Nothing looks too weird in the data.

- The number of reviews per user is skewed towards new folks (not unreasonable, given how few people can stick at something as time intensive as playing and reviewing board games).

- Looking at the box-plots, the scores seem fairly high, which tallies with what Matt said about picking popular games.  There doesn't seem anything obviously wrong with the distributions (all zero, or all 10s).

- I think for analysis, it would be beneficial to reshape the dataframe/array, but that is probably best left to the participants, as is removing any data with few reviews.  I used "pivot" to transform the gameID column, into a new set of columns, while keeping the reviewers as rows.  This will make building feature vectors straightforward.

- I tried building up some histograms via looping, and it was indeed quite slow.  In contrast, the arcane, built-in functions (groupby) are super fast.  The smaller dataset should allow accessibility to new people, while the full dataset is quite manageable if you find the right set of functions.  I haven't done any actual machine-learning with this yet, so maybe I'll eat my words about "manageable".

- The correlation plots seem to show a small, positive correlation.  Is this even a sensible measure?  Its something like the overlap between the shapes of the ratings distributions.

## Splitting into training/test

I'm going to manually force a training/test split.  I'm going to randomly select 10% of users. 
Our goal is to recommend games people will like.  I'll try to test the predictions by holding back both some "new" users.
I thought about keepng back some game data, but that's fairly sparse, and I'm not sure about the distribution (how representative any one game is).
I think I'll try it anyway: select 2 games as holdouts.  I'm going to do that by hand (a game I've heard of, and a game that's new to me).
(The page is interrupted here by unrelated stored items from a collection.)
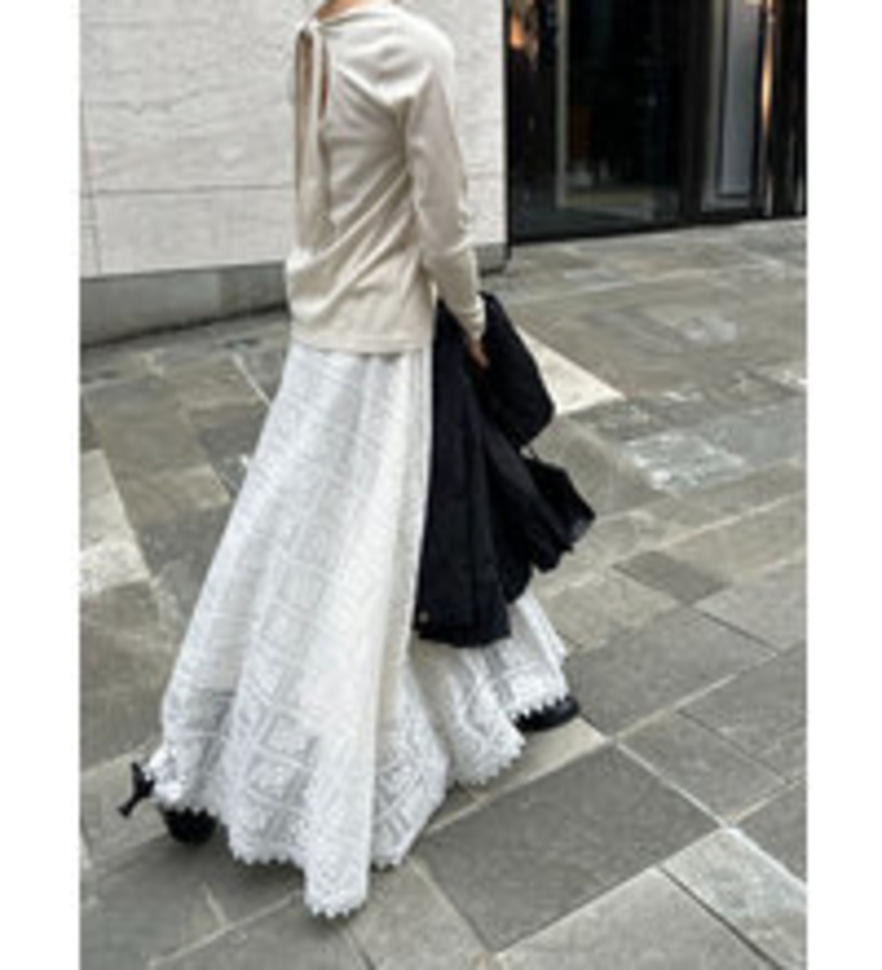 まるで風をまとうように揺れる、贅沢なレースサーキュラースカート。
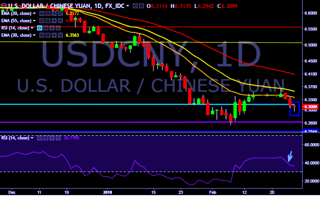 We prefer to take short position on USD/CNY around 6.3100, stop loss at 6.3372 and target of 6.2650.
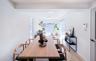 室内はリノベーション済。玄関を入って両サイドに5帖の洋室、その先に15.2帖のLDKと6帖の洋室。リビング横の扉を開けて約21帖の広々としたリビングとしてもお住まい頂けます。大きな窓から光が差し、リビングから専用庭へと更に広がりを感じます。
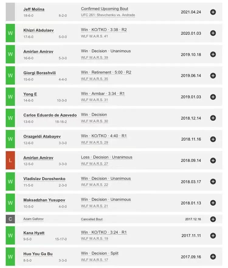 本次UFC首秀,傲日的对手是来自美国的杰夫-莫利纳。莫利纳出生于1997年7月17号,今年只有23岁,身高168臂展175。2015年参赛至今,业余战绩5战全胜4终结,职业战绩8胜2负,3次KO胜4次降伏胜,同时他还有着巴西柔术紫带的段位。
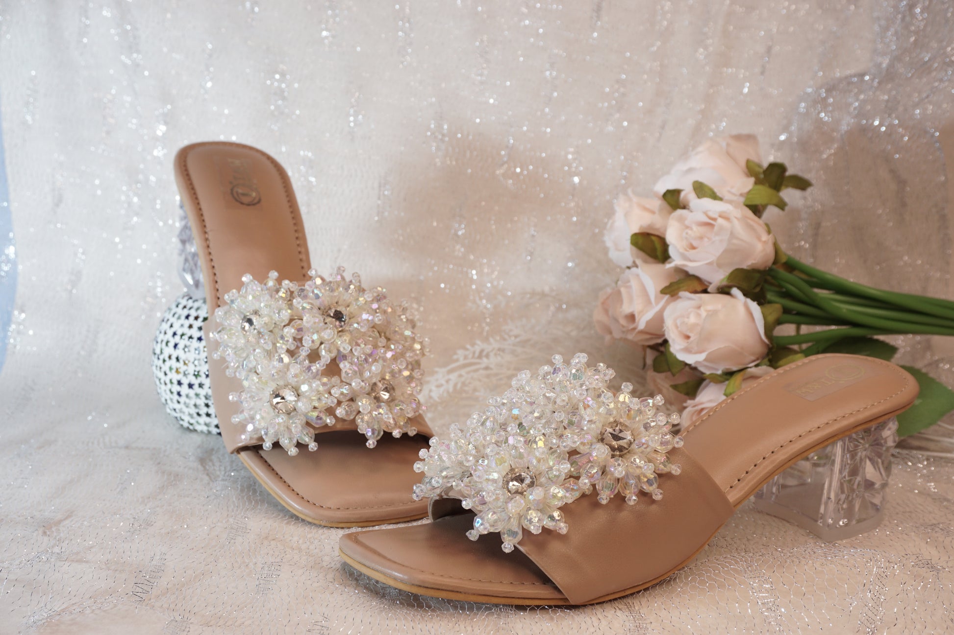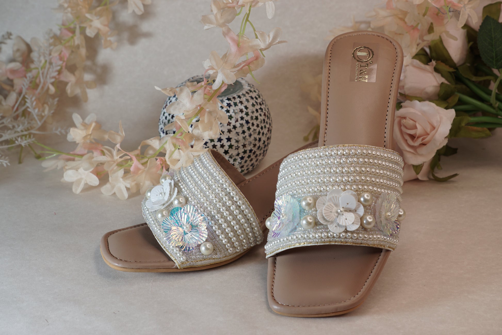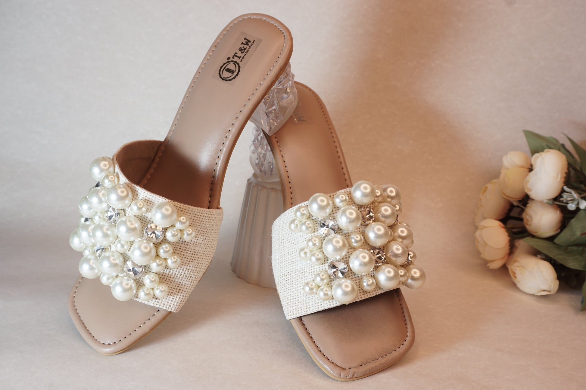 Enhance your style with our White Bulbul with Pearls. This elegant shoe features long heels, a glass transparent heel, and a stunning design with multicolored flowers and pearls. The jute material and PVC outer sole ensure durability and comfort. Make a statement with every step.

Some questions:do we have enough data for this to make sense?  I am mostly concerned by the number of games.

In [394]:
Ngames=len(games)
Nusers=len(users)

ngame_select=2
nuser_select=int(len(users)/10)

#make a list of uniform random numbers (times appropriate lengths)
game_fixed=[12,14]  #I've at least heard of Agricola, (rules heavy "Eurogame")
user_ix=np.random.random(size=Nusers)<0.1

#keep testing examples from to test new users on old games, and new games on old users.
df_user_test=df_pivot.iloc[user_ix,~game_ix]
df_game_test=df_pivot.iloc[~user_ix,game_ix]

#keep only the non-testing examples
df_train = df_pivot.iloc[~user_ix,:]
df_train = df_train.iloc[:,~game_ix]

In [396]:
df_counts=game_hist(df_train)
plt.imshow(df_counts/np.sum(df_counts))
plt.show()

<matplotlib.figure.Figure at 0x7f79204ba208>

## Clustering

In [175]:
##Try some clustering to identify populations.
from sklearn.cluster import MiniBatchKMeans

In [397]:
#convert dataframe into 
df_mat=df_train.values
nan_msk=np.isnan(df_mat)
df_mat[nan_msk]=0

In [428]:
#Try minibatch Kmeans (as recommended)
Nclasses=4
km=KMeans(n_clusters=Nclasses)
km.fit(df_mat)
ypred=km.predict(df_mat)
df_train['Class']=ypred

In [429]:
#now to try visualizing
plt.figure(figsize=(15,6))
for i in range(Nclasses):
    plt.subplot(3,3,i+1)
    msk=df_train['Class']==i
    d0=game_hist(df_train[msk])
    plt.imshow(d0)

plt.show()

<matplotlib.figure.Figure at 0x7f79203a14a8>

In [426]:
df_train.columns[7]


0.23303188547375681

In [427]:
df_train.iloc[:,7].hist()

<matplotlib.axes._subplots.AxesSubplot at 0x7f792039a048>

<matplotlib.figure.Figure at 0x7f79208728d0>

So this naive initial clustering, is choosing based on the score to game 7, "Power Grid".  What's special about that game?